C. The portion of the land at the Fort Collins Site that has been retained by HP is
described on the Plat as Lot 1 (the "HP Lot"). The portion of the land at the Fort Collins Site
that has been transferred to Agilent is described on the Plat as Lot 2 (the "Agilent Lot"). The HP
Lot and the Agilent Lot are each sometimes referred to herein as a "Lot" and, collectively, as the
"Lots."
D. Certain leased modular buildings described herein that are located on the Agilent
Lot are now and will continue to be managed, maintained and occupied by HP.
E. HP and Agilent wish to set forth their agreements regarding the shared use of
certain facilities, regardless of whether such facilities are located on the HP Lot or the Agilent
Lot, and wish to provide for the maintenance, repair, replacement and operation of the Fort
Collins Site.
F. HP and Agilent privately own the utilities located on the Fort Collins Site.
G. The parties also wish to set forth their agreements, rights and duties regarding
utilities, storm water drainage facilities and easements, water rights and usage, use restrictions,
parking, cross -access, security and various other aspects pertaining to the Fort Collins Site.

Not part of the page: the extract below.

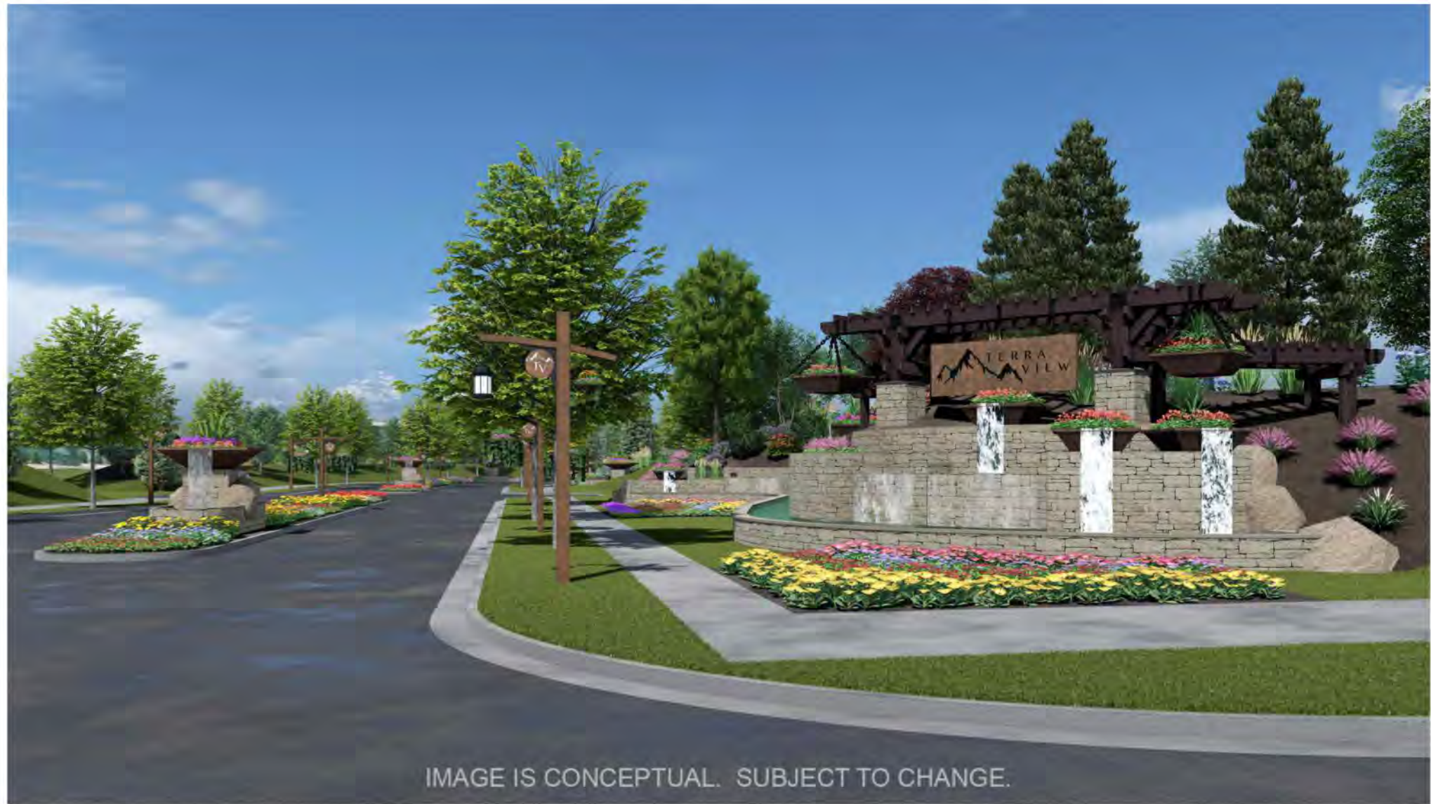
IMAGE IS CONCEPTUAL. SUBJECT TO CHANGE.
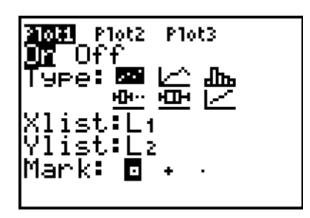
Step 7: You can also make a scatter plot of probabilities versus number of trials. Change Plot1 to match the settings shown at the right.

NOW, THEREFORE, in consideration of the mutual covenants contained herein, and for
other valuable consideration, the receipt and sufficiency of which is hereby acknowledged and
accepted, the parties agree as follows:
1. Cross -Access. The parties hereby grant and convey the following cross -access
easement rights to each other:
a. Purposes. The parties shall allow free and unobstructed flow of
pedestrian and vehicle traffic between their respective Lots. Each party shall cooperate to
allow such free and unobstructed flow of traffic at all times and neither party shall at any
time interfere with, block, or hinder such flow of traffic (except in the performance of
necessary installation, repair, maintenance, and replacement work, which work shall be
scheduled to minimize the impact on such flow of traffic, to the extent reasonably
feasible). Such right of cross access shall not apply to the interior of any building. HP
shall have exclusive access and right to use the chemical storage yard located on the north
side of Building 2 on the Agilent Lot.
b. Location. Said easement rights shall apply to each of the Lots described
in this Agreement.
C. Maintenance and Repair. HP shall maintain, repair, and replace from
time to time all street and hard surface areas, including, without limitation, parking lots,
sidewalks, gathering areas, patio's, entrance ways and the like, existing or later installed
on the Fort Collins Site. Said work includes, but is not limited to, resurfacing, sealing,
replacing and striping the parking lot areas from time to time.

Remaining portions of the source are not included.